Iran Offers Cheaper LNG Than RasGas

New Delhi, April 14 | Updated: Apr 15 2004, 05:30am hrs
Imports of liquified natural gas (LNG) from Iran will set a new benchmark for pricing of this imported fuel in India. In a major departure from the earlier pricing practices, the Iranian national gas company NIGEC has agreed in principle to a two-part pricing formula for LNG exports to India. The new pricing formula, suggested by Gail India Limited (governments nodal agency for importing 5 mtpa LNG from Iran), is expected to make LNG imports into India substantially cheaper than what was negotiated with RasGas of Qatar.

Gail chairman and managing director Proshanto Banerjee is shortly leaving for Iran where he is expected to finalise details for developing a sales and purchase agreement (SPA) with NIGEC for importing 5 million tonnes per annum (mtpa) of LNG into India.

While Mr Banerjee refused to give any numbers, sources said Gail is negotiating a price which will be at least 15-20 per cent cheaper that the imported LNG price from Qatar.

This means that as against the agreed FOB price of $2.53 per mmbtu between Petronet LNG Ltd (PLL) and RasGas, the Iranian LNG price would be close to $2 per mmbtu, which is a substantial reduction.

Under the new two-part pricing formula, all investments in Iran including the LNG liquifaction terminal and export facilities developed by NIGEC will form part of the fixed component.

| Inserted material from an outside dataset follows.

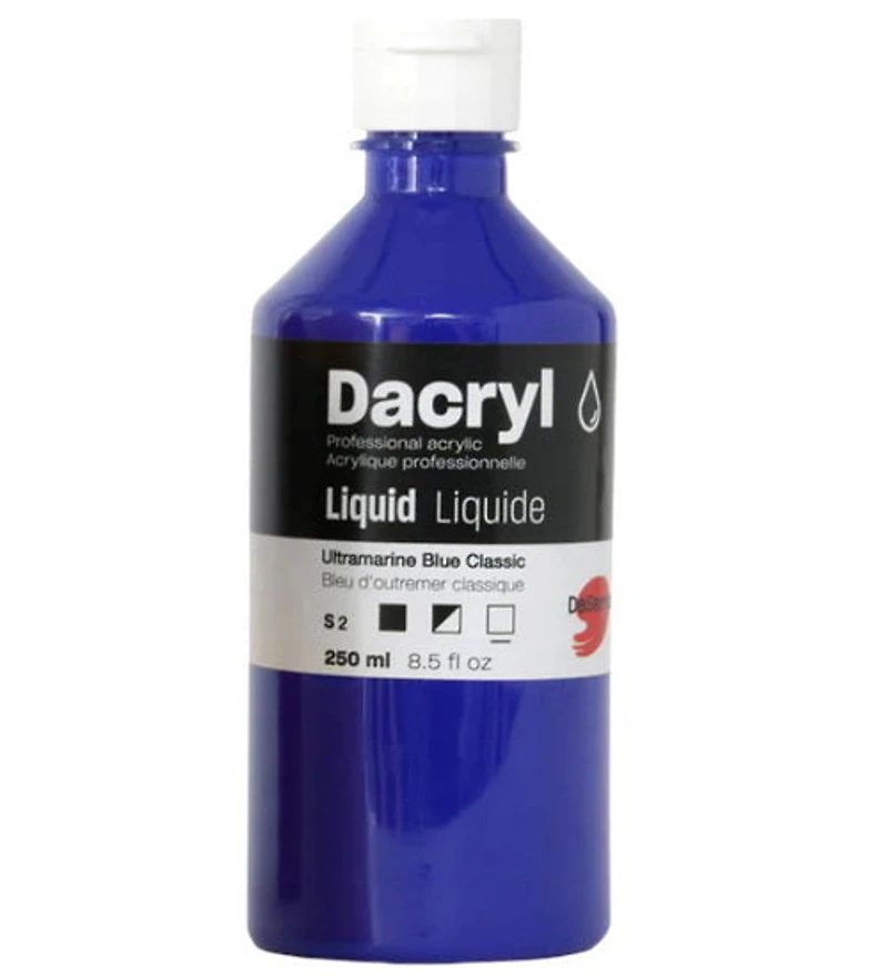 Dacryl Professional Liquid Acrylics are formulated to achieve maximum pigment concentration and colour intensity, consistent with excellent handling and stability properties. As no fillers or extenders are used in DeSerres Professional Liquid Acrylics, once dry, most colours dry to a natural gloss finish, while those with larger pigment particles offer more of a satin finish.These colours will not separate or settle in the jar and can be readily mixed with DeSerres mediums at any ratio, or with up to 50% water for increased transparency and cost efficiency. They dry to a flexible, water and light-resistant finish. Perfect for students and professionals.

The variable component will be linked to the price of crude, which again will not be the Japanese Crude cocktail (average of some 40 varieties of crude) as in case of pricing formula with RasGas) but will be the Brent crude, widely accepted benchmark for crude. JCC on the otherhand is specific to Japanese economy and for Indian context Gail has proposed indexation with the Brent crude. Therefore the cost of LNG production will now be on cost plus basis and not on market determined practices being followed till now.

It is significant to note here that if LNG from Iran is imported at a cheaper price RasGas may be forced to revise its price. Petronet LNG Limited (PLL) has signed a side agreement with RasGas as per which the latter will review and renegotiate the LNG prices if the market situation warrants i.e., if any other entity brings in regassified LNG of significant quantities (specified as 2.5 mmtpa on a long term basis) at a cost lower than RasGas, the latter will match the price.

Gail has led the discussions on sourcing of LNG from Iran and so far three joint meetings have been held with the National Iran Gas Export Company (NIGEC) in Tehran. The last meeting was held in Tehran in February this year.

The Iranian side has indicated availability of 5MMT of LNG from 2008. Company officials said discussions were held to converge on the principles for commercial terms so that negotiation of sale purchase agreement (SPA) could be commenced at the earliest.

Although broad terms were finalised during the first two meetings, major commercial issues could not be resolved. Therefore, to take forward this initiative the third meeting was held at the directors level where it was agreed that the pricing formula will have a fixed & a variable component, the indexation of LNG price will be with Brent crude as against JCC, there will be a clause for price revision besides the take or pay obligations.